Summary
Santiago rides his horse through the desert for many more hours, trying to listen to it again so as to learn the exact location of the treasure. His heart, however, isn’t cooperating — it is thinking about other things. Finally Santiago’s heart relents and whispers to him, “Be aware of the place where you are brought to tears. That’s where I am, and that’s where your treasure is.”
His horse climbs one more sand dune, and Santiago’s heart leaps. He sees the pyramids in front of him, illuminated by the moonlight. Santiago falls to his knees and weeps. He notices that where his tears fell, a scarab, or beetle, now scurries through the sand. Santiago knows that in Egypt, this beetle is considered a symbol of God. Another omen — this must be the place he was meant to dig! Santiago digs through the night, but finds nothing.

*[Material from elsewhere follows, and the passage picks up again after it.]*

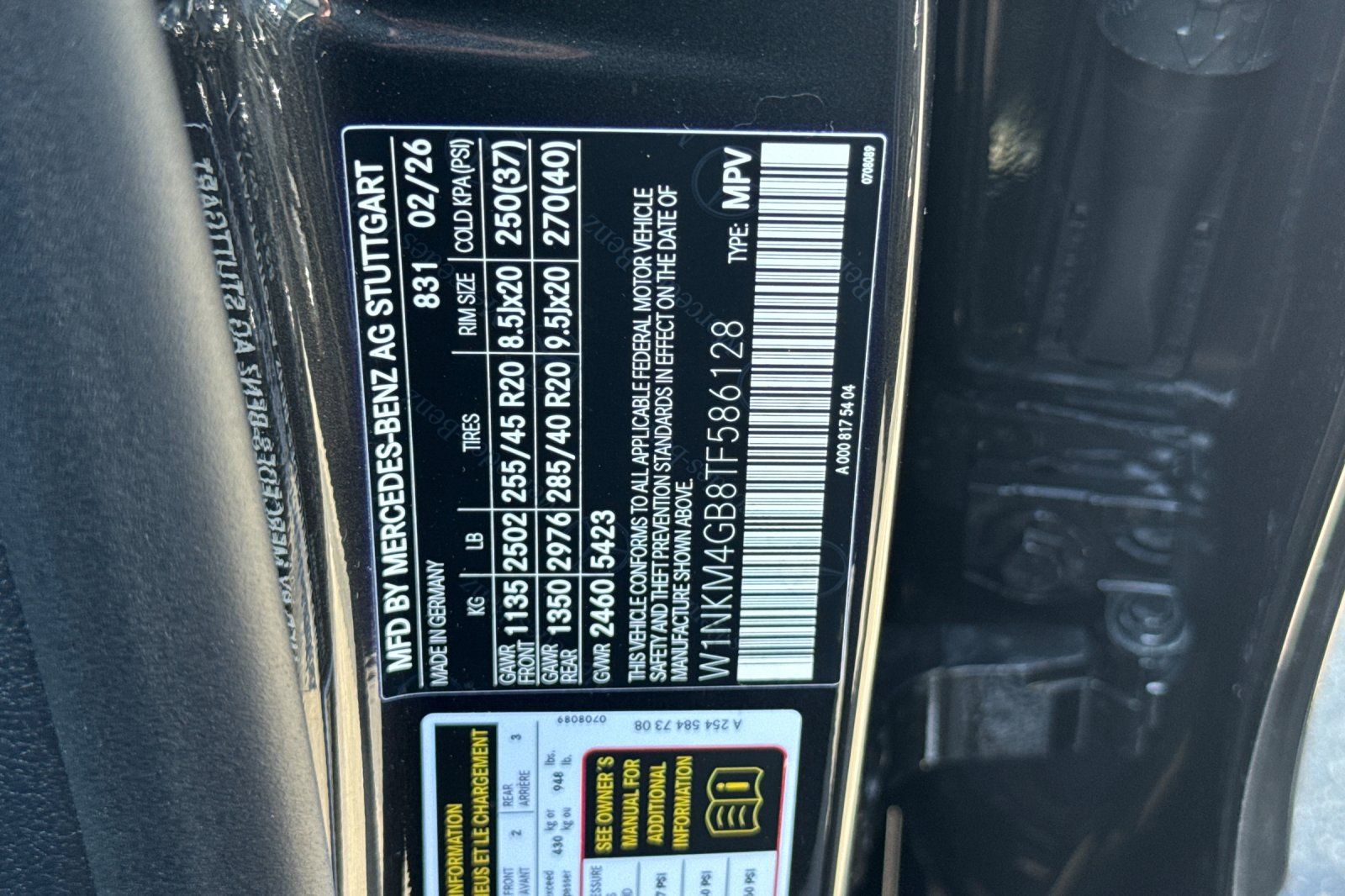 - VIN : W1NKM4GB8TF586128

Some thieves see Santiago digging in the sand and think he is hiding something. They search Santiago’s clothes and find the piece of gold that the alchemist gave him. Assuming he must have buried more gold in the sand, they force Santiago to continue digging until the next morning. When he doesn’t find any riches, the thieves beat him badly.
Santiago screams at them that he is only looking for treasure because he dreamed twice about a buried treasure at the Egyptian pyramids. One of the thieves tells Santiago that he had a recurring dream about a buried treasure, except his dream told him to go to an abandoned church in Spain where shepherds often took their sheep to rest.

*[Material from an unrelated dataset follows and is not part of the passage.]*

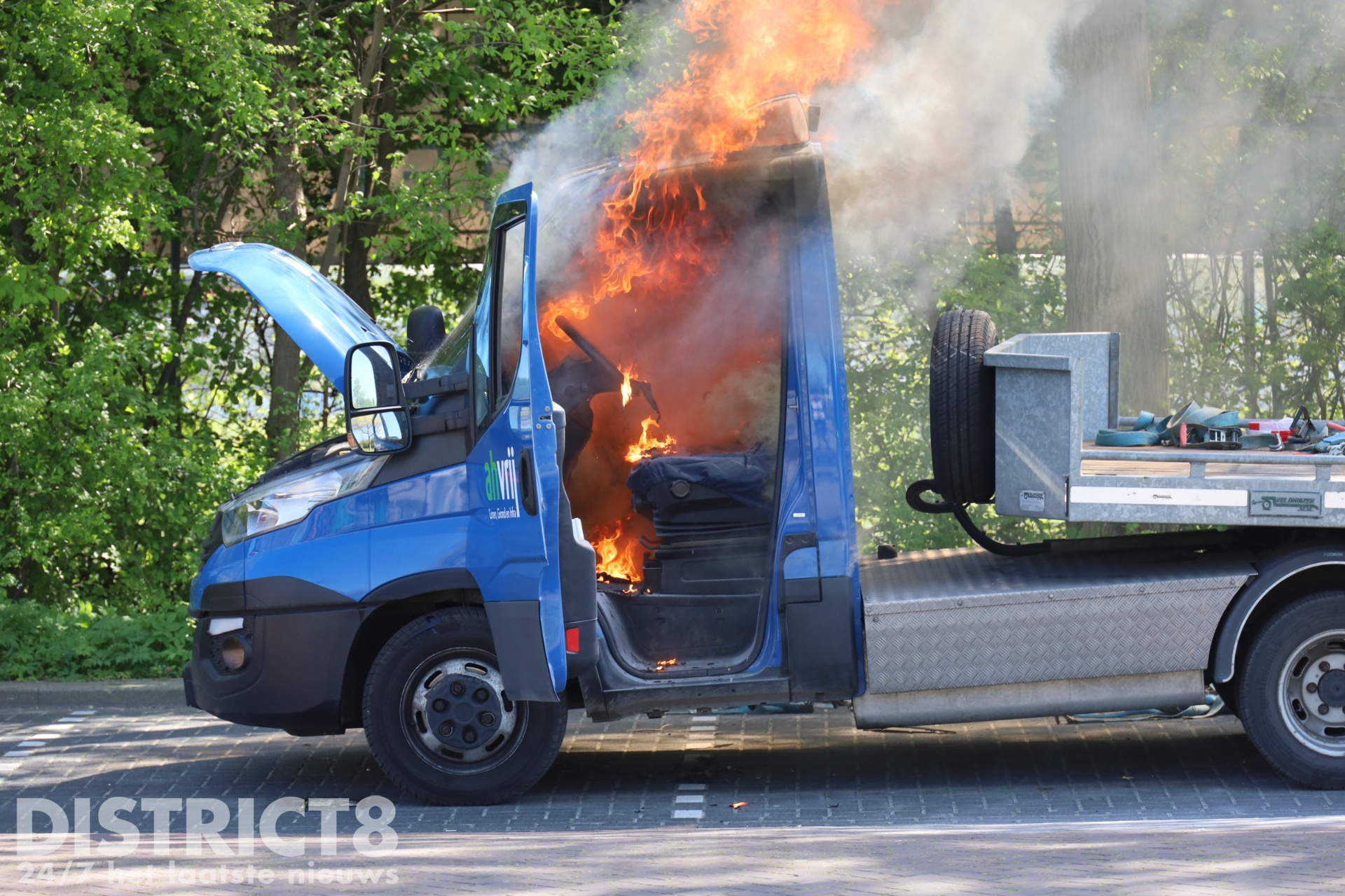 Naaldwijk – Op Hoogwerf in Naaldwijk is donderdagmiddag 23 april de cabine van een bedrijfswagen in brand gevlogen. De oorzaak van de brand is niet bekend. De brand ontwikkelde zich snel; bij aankomst van de brandweer sloegen de vlammen al uit de cabine.

“In my dream,” the thief says, “there was a sycamore growing out of the ruins of the sacristy, and I was told that, if I dug at the roots of the sycamore, I would find a hidden treasure. But I’m not so stupid as to cross an entire desert just because of a recurrent dream.”
After the thieves depart, Santiago sits up and starts laughing. He knows where the hidden treasure is buried.
Analysis
When Santiago’s heart tells him to dig where his tears fall, Coelho is telling his readers not only that they should listen to their hearts, but that they should pay attention to their emotions — not merely their thoughts.

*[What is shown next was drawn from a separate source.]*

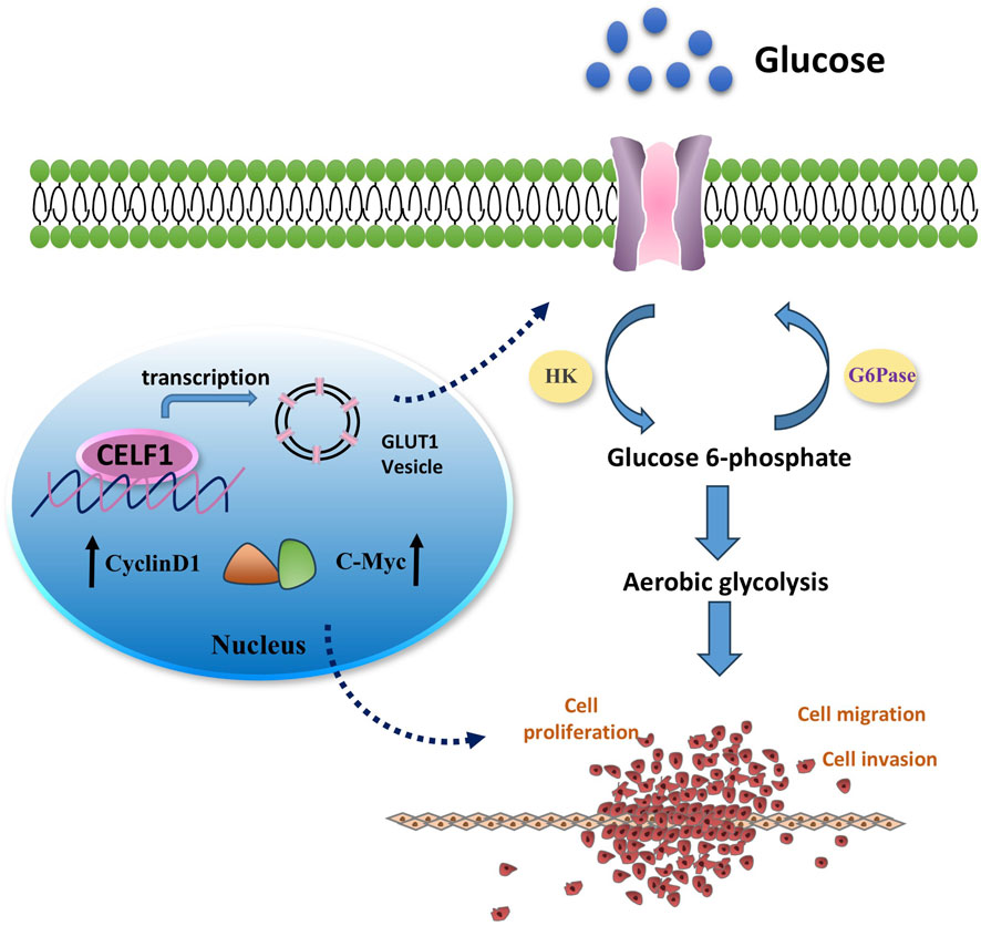 Figure 8. Mechanism diagram illustrating the involvement of CELF1 in aerobic glycolysis in breast cancer. It is well known that many aggressive tumors develop dysregulated metabolism; the glycolytic pathway was closely correlated to the vitality of tumors. Our transcriptomic analysis results suggest that CELF1 alterations impact the glycolysis process, and GLUT1 is the main molecule among all the volatile metabolites. Therefore, we focused on the genes related to aerobic glycolysis. As shown in Figure 8, the expression of GLUT1 is substantially decreased in the CELF1-knocked-out group, and so is the expression of key enzymes HK and G6PD in the aerobic glycolysis process (Figure 8). In addition, knockout of CELF1 affects the expression of cyclin D1 and c-Myc, suggesting that the occurrence, invasion, and metastasis processed are changed accordingly in the tumor tissues.

Ironically, the scarab beetle — a humble, ugly thing — represented God to the Egyptians, and it represents God to Coelho, as well. Even if an omen is unlikely, it must heeded.
More irony: The gold that the alchemist created from lead is precisely what causes the thieves to believe that Santiago is digging for more treasure, and to beat him. For Santiago, and for the reader, this is an unexpected, negative consequence of the alchemist’s wisdom and power. Of course, ultimately it leads to the information that will send Santiago home to his treasure.
Santiago’s arrival at the pyramids is somewhat evocative of another quest, that of Odysseus in Homer’s Odyssey. When, after traveling for ten years, Odysseus finally arrives at his home, the island of Ithaca, his journey has ended, but one task remains: to defeat the suitors who have taken over his palace during Odysseus’s absence. Similarly, Santiago has reached the pyramids he dreamed about. His pilgrimage has come to an end. But he still needs to find the dreamed-for treasure — and, as it turns out, to fight the thieves that want to take it from him.
Like the crystal merchant, the thief who ignores his dream is a foil for Santiago, a figure who characterizes him by contrast. Unlike Santiago, this man pays his dreams no mind, with the result that he lives as a robber, a criminal.